Seruan pria itu tak diindahkan. Kemudian Dianara secara tangkas mengambil barang-barangnya di atas meja yang ada di dekatnya. Kini dia melangkahkan kakinya meninggalkan pria itu menjauh.
Bayu yang berada berseberangan dengan gadis itu pun mencoba menghalangi, tapi tubuhnya di dorong hingga tersungkur di atas ranjang. Tidak disangka, tenaganya sangat besar, Bayu pun hanya dapat menatap kepergian temannya berlari dengan cepat.
"Nara, tunggu!"
Teriakan Bayu tidak digubris. Dia terus melangkahkan kakinya semakin cepat. Sesekali dia menyusutkan air mata yang mengalir dengan telapak tangannya.
Tidak peduli dengan kondisi kesehatannya yang masih belum pulih. Tidak peduli dengan kandungannya yang akan terganggu karena berlari kencang. Hentakkan tubuh yang kuat tentu saja akan kembali memengaruhi janinnya.

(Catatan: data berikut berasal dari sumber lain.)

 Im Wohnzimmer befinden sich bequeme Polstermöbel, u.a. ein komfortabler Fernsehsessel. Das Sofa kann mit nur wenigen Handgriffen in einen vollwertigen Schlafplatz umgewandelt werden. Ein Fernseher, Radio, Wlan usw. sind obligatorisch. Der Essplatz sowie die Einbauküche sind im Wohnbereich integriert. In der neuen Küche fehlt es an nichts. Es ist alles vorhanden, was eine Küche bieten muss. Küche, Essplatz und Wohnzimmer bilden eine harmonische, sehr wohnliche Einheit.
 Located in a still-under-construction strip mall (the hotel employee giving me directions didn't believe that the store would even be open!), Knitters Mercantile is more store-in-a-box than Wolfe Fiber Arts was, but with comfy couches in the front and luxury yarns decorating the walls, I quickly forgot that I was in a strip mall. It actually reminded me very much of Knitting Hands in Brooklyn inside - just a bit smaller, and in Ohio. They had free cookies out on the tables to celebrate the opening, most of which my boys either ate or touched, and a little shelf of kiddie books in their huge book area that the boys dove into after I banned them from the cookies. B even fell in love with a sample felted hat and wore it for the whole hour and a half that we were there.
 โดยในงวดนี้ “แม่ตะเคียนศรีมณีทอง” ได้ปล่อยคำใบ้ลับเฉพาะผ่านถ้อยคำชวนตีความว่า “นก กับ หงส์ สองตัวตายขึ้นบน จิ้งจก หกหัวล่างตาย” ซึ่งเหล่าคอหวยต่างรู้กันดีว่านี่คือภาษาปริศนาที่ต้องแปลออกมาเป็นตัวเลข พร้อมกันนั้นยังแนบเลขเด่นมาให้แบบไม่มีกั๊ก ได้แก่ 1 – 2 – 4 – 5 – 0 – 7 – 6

Beberapa orang yang ada di sana menatapnya dengan heran, tidak digubris sama sekali. Dianara hanya ingin cepat sampai di rumah dan bertanya pada seseorang. ‘Tidak mungkin’, dia terus saja mengatakan itu di dalam hatinya. Papa yang sangat dia cintai, yang sangat bertanggung jawab terhadap keluarganya tidak mungkin melakukan hal buruk seperti itu.
‘Ini tidak mungkin, Papa tidak mungkin melakukan kejahatan seperti itu. Papa adalah orang yang jujur, bertanggung jawab, dan sayang pada keluarga. Mana mungkin papa tega melakukan hal bodoh seperti itu, jika akhirnya akan menyakitkan bagi kami. Ya Tuhan, apa semua ini. Kenapa hal ini menimpa keluarga kami. Siapa yang tega melakukan semua ini?’ Dinara terus bergumam dalam hati.

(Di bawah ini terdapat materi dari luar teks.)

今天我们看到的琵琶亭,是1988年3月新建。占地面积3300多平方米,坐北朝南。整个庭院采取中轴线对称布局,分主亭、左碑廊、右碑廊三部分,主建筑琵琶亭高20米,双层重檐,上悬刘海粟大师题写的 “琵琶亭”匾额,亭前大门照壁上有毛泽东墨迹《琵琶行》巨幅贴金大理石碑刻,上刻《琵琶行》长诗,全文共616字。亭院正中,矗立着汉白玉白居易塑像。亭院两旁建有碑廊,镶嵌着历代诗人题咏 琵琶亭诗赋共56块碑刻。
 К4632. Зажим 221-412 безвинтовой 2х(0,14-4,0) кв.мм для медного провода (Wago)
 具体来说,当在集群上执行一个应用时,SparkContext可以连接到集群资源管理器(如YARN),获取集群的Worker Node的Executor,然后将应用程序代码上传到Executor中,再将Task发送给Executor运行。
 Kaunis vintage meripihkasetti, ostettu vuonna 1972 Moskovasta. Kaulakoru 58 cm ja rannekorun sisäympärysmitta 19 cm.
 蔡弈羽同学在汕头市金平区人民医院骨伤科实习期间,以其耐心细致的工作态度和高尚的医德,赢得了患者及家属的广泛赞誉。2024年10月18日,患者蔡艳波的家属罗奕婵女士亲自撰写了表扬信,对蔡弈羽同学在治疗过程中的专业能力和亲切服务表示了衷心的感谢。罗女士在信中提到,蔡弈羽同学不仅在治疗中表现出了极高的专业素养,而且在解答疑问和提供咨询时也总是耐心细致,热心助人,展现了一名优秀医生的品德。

Di belakangnya Bayu berlari berusaha menyusulnya. "Nara … Dianara!"
Dengan kesakitan yang masih dia rasakan. Dianara mengabaikan semua orang yang memandang heran. Dia berlari tanpa memedulikan orang di belakang. Bahkan darah masih menetes dari tangannya akibat tarikan jarum infus yang terlalu kuat.

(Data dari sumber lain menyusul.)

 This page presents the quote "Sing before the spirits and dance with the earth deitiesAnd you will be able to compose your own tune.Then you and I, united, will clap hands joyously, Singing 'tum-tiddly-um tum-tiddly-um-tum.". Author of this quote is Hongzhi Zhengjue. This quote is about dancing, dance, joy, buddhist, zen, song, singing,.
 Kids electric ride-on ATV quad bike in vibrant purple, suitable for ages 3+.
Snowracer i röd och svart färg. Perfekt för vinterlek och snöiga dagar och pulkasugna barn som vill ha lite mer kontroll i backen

Gadis itu melewati meja informasi. 'Persetan dengan biaya rumah sakit ini. Biarkanlah Bayu yang mengurus semuanya.' Sekilas dia melirik ke belakang, Bayu berhenti di sana. 'Aku tidak peduli, yang aku pikirkan saat ini adalah Papa dan Mama yang entah bagaimana keadaan mereka.'
Dianara terus berlari sekuat tenaga, yang entah dari mana datangnya. Dengan mata yang tak henti-hentinya mengeluarkan cairan hangat itu, dia mengibaskan tangan mengusir orang-orang yang menghalangi jalannya.
Di depan pintu keluar, tiba-tiba seorang satpam ingin menghalangi jalan gadis itu. Tanpa pikir panjang dia mendorong dengan kuat. Tetapi, tenaganya tidak cukup untuk membuat orang itu terjatuh, malah dia yang terdorong ke belakang. Beruntung seorang dari mereka menangkap dari belakang. Jika tidak dia akan jatuh tersungkur.
"Nona, Anda mau ke mana?"
"Minggir, Pak. Aku mau pergi dari sini!" Dianara meronta-ronta, lengannya dipegang dengan kuat.
Kedua orang yang menghalanginya memiliki tubuh lumayan besar. Sehingga Dianara tak mampu untuk melawan. Dia melihat dari kejauhan, Bayu datang menyusul. Saat itu juga dia terpikir. 'Ini kesempatan untuk minta bantuan.'
"Bayu! Tolong … aku harus pergi!" Bayu menatapnya kasihan.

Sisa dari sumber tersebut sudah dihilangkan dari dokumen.